Data entries:
Segment Open

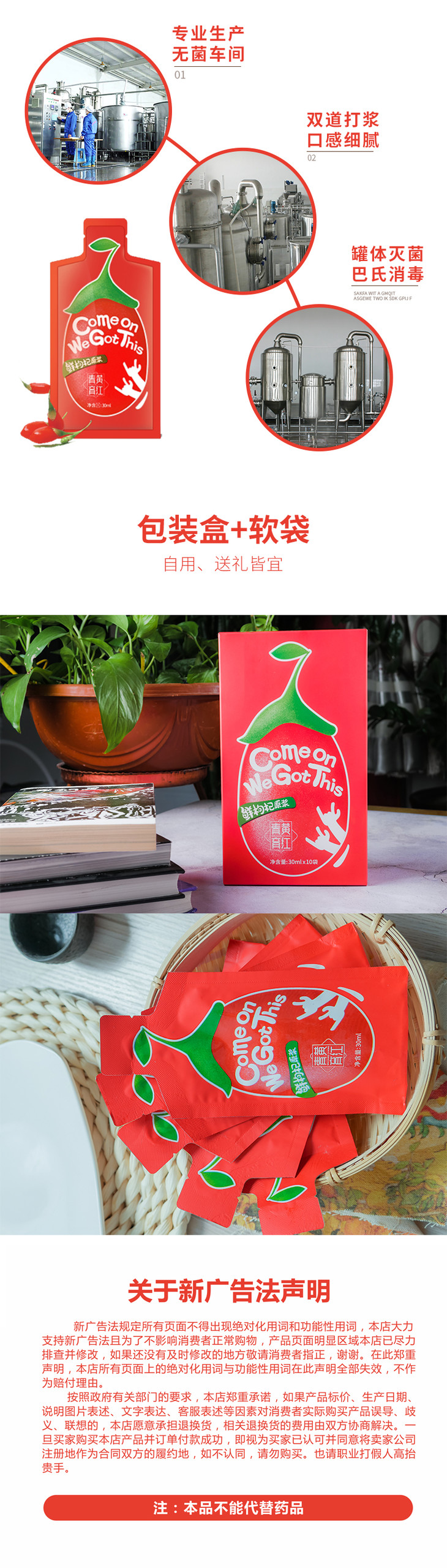 【买三送一】沃福百瑞 青黄育红宁夏鲜枸杞原浆30ml*10袋/盒, 出口品质,活性更高!买三送一,送试饮一袋!
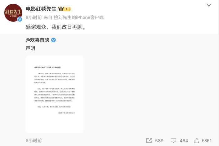 2月16日深夜,欢喜首映发布声明,宣布《红毯先生》将退出春节档。随后,电影《红毯先生》官方微博转发该声明,称“感谢观众,我们改日再聊”。
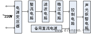 (2) 电网正常供电时,通过电源变压器降压后经整流、滤波及稳压得报警器所需直流电压,为防止电网停电,在控制器的输入端设置有备用电源,保证报警器在停电时能正常工作。
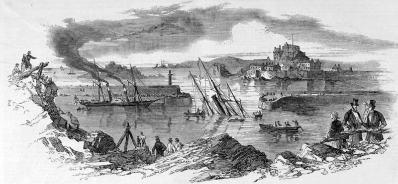 On 15 May, one month from the publication of this remonstrance, her Majesty’s steamer Cuckoo, Captain Dumaresq, justified its forebodings of danger. The Birkenhead, Queen’s steamer of 1200 tons, Captain Stevens, having anchored in the large roads on Tuesday evening, under the charge of Mr Gallichan, Queen’s pilot, with the depot 26th Regiment on board, from Queenstown, Ireland, for the Jersey garrison. The Cuckoo, on this station, proceeded to her early on Wednesday morning and took on board 300 of her troops, with whom she was steaming inwards Victoria Harbour at about half-past five o’clock, being at the time in charge of Mr Payn, Queen’s pilot, when her starboard bow suddenly struck upon the dangerous and unbeaconed rocks in question.
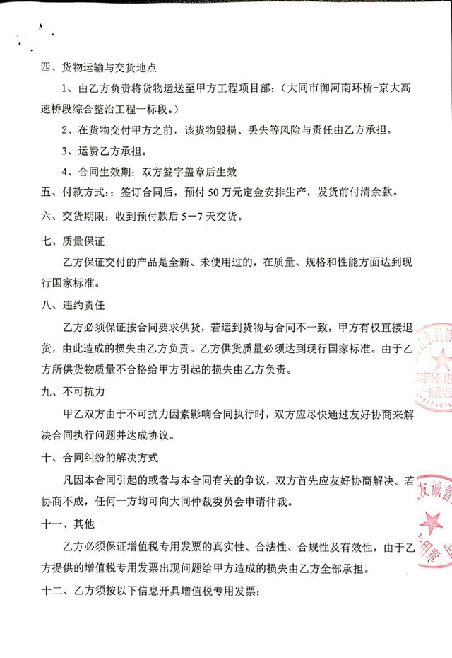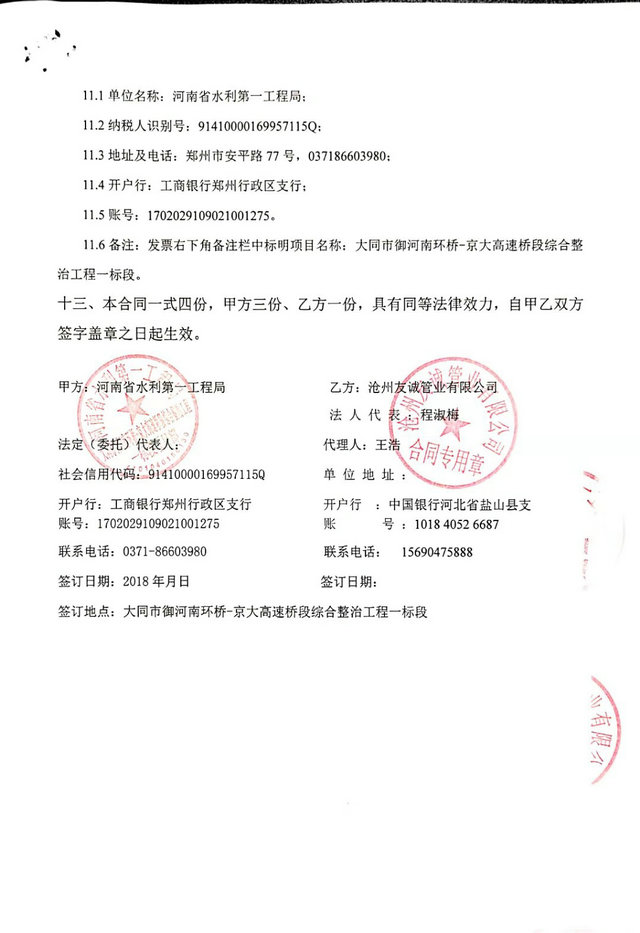 2018年我公司與河南省水利第一工程局合作,簽署大同市御河南環(huán)水利項(xiàng)目外PE內(nèi)EP防腐鋼管采購(gòu)合同,此工程管道尺寸為DN1200和DN600兩個(gè)規(guī)格,其鋼管防腐采用了最新型防腐形式-外PE內(nèi)EP防腐鋼管,防腐蝕強(qiáng)度高,作為地埋鋼管耐酸耐堿強(qiáng)度強(qiáng)度強(qiáng),能夠順利合作感謝客戶(hù)對(duì)我們的信任,采購(gòu)合同如下:
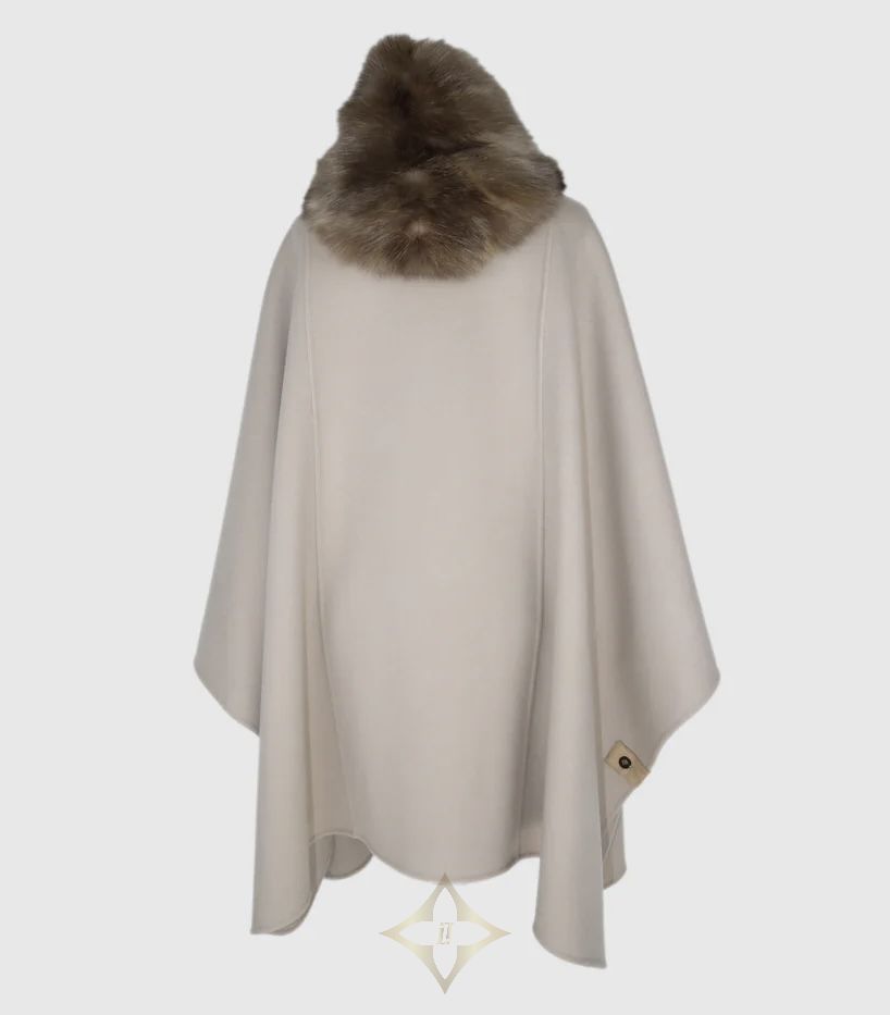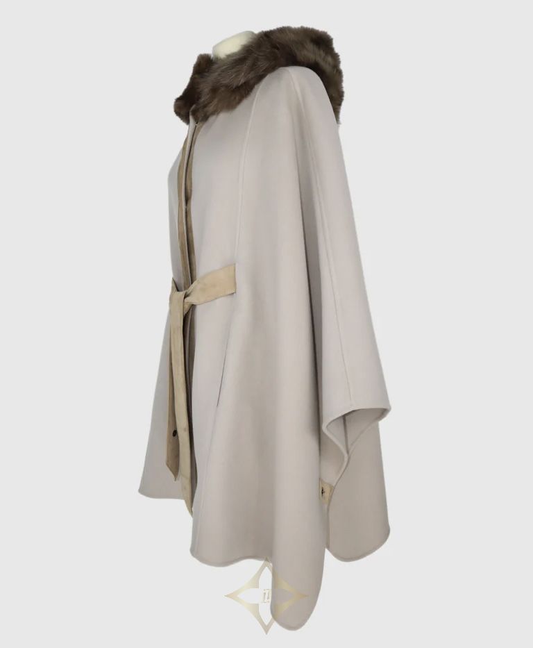 LORO PIANA BEIGE CAPE W/ HOODED FUR for Sale | Dubai 🇦🇪

Segment Closed

What the task asks: Will you set down the records word for word while leaving out every picture?

Solution to this exercise:
 【买三送一】沃福百瑞 青黄育红宁夏鲜枸杞原浆30ml*10袋/盒, 出口品质,活性更高!买三送一,送试饮一袋!
 2月16日深夜,欢喜首映发布声明,宣布《红毯先生》将退出春节档。随后,电影《红毯先生》官方微博转发该声明,称“感谢观众,我们改日再聊”。
 (2) 电网正常供电时,通过电源变压器降压后经整流、滤波及稳压得报警器所需直流电压,为防止电网停电,在控制器的输入端设置有备用电源,保证报警器在停电时能正常工作。
 On 15 May, one month from the publication of this remonstrance, her Majesty’s steamer Cuckoo, Captain Dumaresq, justified its forebodings of danger. The Birkenhead, Queen’s steamer of 1200 tons, Captain Stevens, having anchored in the large roads on Tuesday evening, under the charge of Mr Gallichan, Queen’s pilot, with the depot 26th Regiment on board, from Queenstown, Ireland, for the Jersey garrison. The Cuckoo, on this station, proceeded to her early on Wednesday morning and took on board 300 of her troops, with whom she was steaming inwards Victoria Harbour at about half-past five o’clock, being at the time in charge of Mr Payn, Queen’s pilot, when her starboard bow suddenly struck upon the dangerous and unbeaconed rocks in question.
 2018年我公司與河南省水利第一工程局合作,簽署大同市御河南環(huán)水利項(xiàng)目外PE內(nèi)EP防腐鋼管采購(gòu)合同,此工程管道尺寸為DN1200和DN600兩個(gè)規(guī)格,其鋼管防腐采用了最新型防腐形式-外PE內(nèi)EP防腐鋼管,防腐蝕強(qiáng)度高,作為地埋鋼管耐酸耐堿強(qiáng)度強(qiáng)度強(qiáng),能夠順利合作感謝客戶(hù)對(duì)我們的信任,采購(gòu)合同如下:
 LORO PIANA BEIGE CAPE W/ HOODED FUR for Sale | Dubai 🇦🇪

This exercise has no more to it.